The popular estimate of woman is that she is naturally inferior, not to be trusted, to be kept continually under surveillance as a necessary evil, with something disgraceful in the fact of her existence, a person to be controlled and kept down from birth to death. "Why do you take your wife out to walk with you?" said one brother to another more enlightened. "I see you promenading outside of the village with her; she will get out of her proper place, and neither obey or respect you, if you pamper her in that way." The younger man replied with indignation, "Is she not a human being, and shall I not treat her as such?" The elder answered, "She must know that her proper position is under your foot."

A poet says, "A thousand houses are destroyed by women." Another Moslem authority writes, "Jealousy and acrimony, as well as weakness of character and judgment, are implanted in the nature of women, and incite them to misconduct and vice." Mohammed says, "Chide those whose refractoriness you have cause to fear, and beat them." The limit suggested is, "Not one of you must whip his wife like whipping a slave."

A book containing sage advice warns man against three things: "First, excess of affection for a wife, for this gives her prominence and leads to a state of perversion, when the power is overpowered and the commander commanded. Second, consulting or acquainting a wife with secrets or amount of property." Mohammed also warns, "Not to entrust to the incapable the substance which God hath placed with you," and, "Beware, make not large settlements on women." "Third, Let him allow her no musical instruments, no visiting out of doors, or listening to stories."

As to a woman's duty, Mohammed declared that if the worship of one created being could be permitted to another, he would have enjoined the worship of husbands. It seems strange to calculate a woman's value arithmetically, but in Moslem law the testimony of two women is equal to that of one man, a daughter gets half a son's inheritance, and a wife only an eighth of her husband's property, if there are children; otherwise a fourth. A husband does not speak of his wife as such, but uses some circumlocution as "My house, my child, or the mother of such a boy." A villager asked the doctor to come and treat his mother. "How old is she?" "Thirty." "And how old are you?" "Forty." "How can she be your mother?" A bystander, filled with contempt for such obtuseness, whispered, "It is his wife, but he doesn't like to say so." In like manner, the children are not taught to say father and mother, but the master, the older brother, the mistress, the lady sister, the older sister.

A comic paper published by Mohammedans in Russia, and in their own language, has recently had some amusing pictures bearing on the position of women.
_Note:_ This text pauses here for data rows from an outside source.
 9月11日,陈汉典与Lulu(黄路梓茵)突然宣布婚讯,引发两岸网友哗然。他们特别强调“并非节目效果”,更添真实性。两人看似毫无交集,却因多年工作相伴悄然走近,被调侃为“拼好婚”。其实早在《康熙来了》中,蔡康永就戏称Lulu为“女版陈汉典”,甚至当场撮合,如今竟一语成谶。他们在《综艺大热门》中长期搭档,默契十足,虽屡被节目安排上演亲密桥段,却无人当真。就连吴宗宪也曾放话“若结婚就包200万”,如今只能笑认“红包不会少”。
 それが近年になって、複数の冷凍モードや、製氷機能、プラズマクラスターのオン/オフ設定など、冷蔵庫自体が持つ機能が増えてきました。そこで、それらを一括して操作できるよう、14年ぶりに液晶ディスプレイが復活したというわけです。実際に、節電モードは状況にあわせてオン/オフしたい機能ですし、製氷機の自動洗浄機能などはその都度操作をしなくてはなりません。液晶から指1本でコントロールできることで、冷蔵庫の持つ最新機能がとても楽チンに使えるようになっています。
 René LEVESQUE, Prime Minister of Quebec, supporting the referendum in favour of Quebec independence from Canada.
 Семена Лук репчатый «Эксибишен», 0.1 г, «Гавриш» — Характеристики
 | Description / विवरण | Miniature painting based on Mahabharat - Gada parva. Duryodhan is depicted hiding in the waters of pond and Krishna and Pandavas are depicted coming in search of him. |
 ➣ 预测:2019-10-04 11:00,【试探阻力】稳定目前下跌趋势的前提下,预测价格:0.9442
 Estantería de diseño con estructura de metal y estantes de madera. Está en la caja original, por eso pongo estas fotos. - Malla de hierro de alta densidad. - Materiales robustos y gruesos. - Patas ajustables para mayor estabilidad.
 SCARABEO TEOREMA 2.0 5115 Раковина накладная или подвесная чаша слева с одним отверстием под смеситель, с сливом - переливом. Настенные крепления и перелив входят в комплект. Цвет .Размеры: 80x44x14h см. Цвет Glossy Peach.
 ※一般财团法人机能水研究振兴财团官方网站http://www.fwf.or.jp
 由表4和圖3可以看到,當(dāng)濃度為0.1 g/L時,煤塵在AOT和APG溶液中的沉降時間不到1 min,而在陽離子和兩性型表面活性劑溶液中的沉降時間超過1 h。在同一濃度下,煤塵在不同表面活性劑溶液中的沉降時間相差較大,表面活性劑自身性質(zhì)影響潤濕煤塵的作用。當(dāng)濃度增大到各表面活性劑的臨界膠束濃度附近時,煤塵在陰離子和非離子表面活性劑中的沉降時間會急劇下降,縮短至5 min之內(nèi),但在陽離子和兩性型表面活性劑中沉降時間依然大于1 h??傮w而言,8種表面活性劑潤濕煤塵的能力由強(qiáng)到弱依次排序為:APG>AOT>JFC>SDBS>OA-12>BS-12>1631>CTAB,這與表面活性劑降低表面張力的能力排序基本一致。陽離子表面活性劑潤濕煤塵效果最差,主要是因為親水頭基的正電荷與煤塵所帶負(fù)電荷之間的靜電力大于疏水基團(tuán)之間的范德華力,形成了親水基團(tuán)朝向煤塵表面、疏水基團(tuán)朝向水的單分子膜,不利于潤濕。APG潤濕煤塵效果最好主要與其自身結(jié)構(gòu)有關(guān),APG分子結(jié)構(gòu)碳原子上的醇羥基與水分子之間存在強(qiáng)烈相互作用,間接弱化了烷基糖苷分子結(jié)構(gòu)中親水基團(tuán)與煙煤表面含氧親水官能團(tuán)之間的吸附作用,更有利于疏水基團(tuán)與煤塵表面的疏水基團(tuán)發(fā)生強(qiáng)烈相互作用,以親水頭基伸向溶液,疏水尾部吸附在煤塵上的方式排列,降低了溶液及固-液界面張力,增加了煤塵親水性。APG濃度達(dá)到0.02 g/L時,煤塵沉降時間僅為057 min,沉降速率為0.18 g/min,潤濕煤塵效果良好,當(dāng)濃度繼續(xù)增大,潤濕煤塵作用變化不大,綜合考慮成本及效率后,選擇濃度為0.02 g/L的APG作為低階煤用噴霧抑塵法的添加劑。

In the first, two women and several men are coming before the Mullahs for marriage or divorce; large heads of sugar carried into the presence hint at bribery as a factor in the case. The women, who stand mute and submissive, with their mouths tied up, as is literally the case with many of them, have evidently nothing to say in the matter. The second scene shows a man and three boys sitting around a large bowl of rice, which is rapidly disappearing before their vigorous onset. The cat is crunching a bone, but the wife and mother sits at one side while even the baby in her arms is given a portion; but she waits till all are satisfied, and she may come in for the leavings. Again, the lord and master of the house, stretched upon a divan, smokes his pipe, a crying child beside him on the floor. His wife enters, staggering under a heavy stone water jar on her shoulder, another in her hand, and a child tied on her back. He exclaims, "Oh, woman, may God curse you! this child gives me the headache! come, take it also on your back."
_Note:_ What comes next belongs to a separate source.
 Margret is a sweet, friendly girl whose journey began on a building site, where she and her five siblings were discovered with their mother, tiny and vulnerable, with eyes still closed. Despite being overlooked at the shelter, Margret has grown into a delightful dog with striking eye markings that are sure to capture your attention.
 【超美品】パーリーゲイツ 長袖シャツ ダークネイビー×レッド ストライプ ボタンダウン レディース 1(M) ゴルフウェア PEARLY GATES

A full two-page colored cartoon depicts the carriage of a most exalted personage, with the veiled wife in it rolling through the street, while all men and boys are turning their backs, and some even shutting their eyes in obedience to officers armed with long whips. A dog also has duteously and humbly turned his back to the forbidden sight, and is crouched down with the most virtuous air you could imagine. When such satires as this can appear, and the edition of the paper runs up into the thousands, people are beginning to think.